Toxic Vortex

Dear Butch,

I overheard your conversation today while we were both in a public establishment.  It was actually hard not to hear it.  I was sitting on the opposite end of the bar from you, trying to unwind with a book and a glass of white wine.  My heels were barely dangling from my feet, a sure sign of me melting into my environment.  It was late and I was enjoying the quiet calm of the dark wood bar.

And then, you walked in on your cell phone.  I acknowledge d your presence at first, because I would be a failure to myself if I hadn’t.  You were the business type, suit and tie.  Handsome, with your conservative sleeves rolled up to expose your tattoos.  I returned to my book, not feeling on my game enough to flirt.  Well, more like I attempted to return to my book.  Your loud and dramatic comments filled my serenity with chaos.

“Christ on a cracker!  When he ever learn!”

“I told you, I told you not to take to him again!”

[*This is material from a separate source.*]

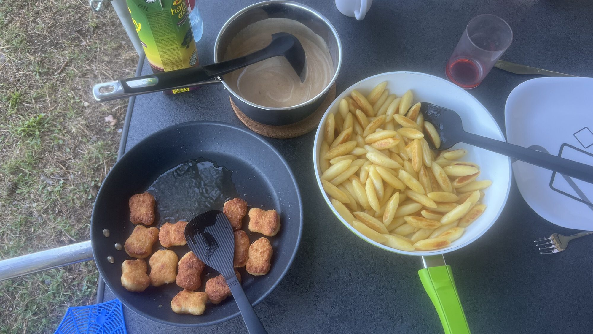 Heute Nacht mal kein Gewitter oder Regen. Dafür für frische Brötchen zu spät aufgestanden. Mit Toastbrot und Rührei mit Schicken hatten wir trotzdem ein ansehnliches Frühstück.

“And then I said, ‘Fucking deal with it!’.  But will he listen to me, no!”

“Your screwed!”

‘You know I am right!”

It felt like my ears were being attacked by angry hornets.  My little bubble of happiness was violently popped.  I tried to make eyes at you, letting you know my displeasure with your attitude, word choice, and tone but you were so wrapped up in your teenage bullshit (as a 30something-year-old adult) that you ignored me.  You so enjoyed being the center of attention, both on the phone and in the bar.  Feeding on your unwanted and probably invalidated toxic vortex of crap, thinking you were appearing to be strong but instead looking like a total douche bag.  

Let me tell you, I would be ashamed to be your lady.  Ashamed of your need to surround yourself and create drama.  Fucking embarrassed.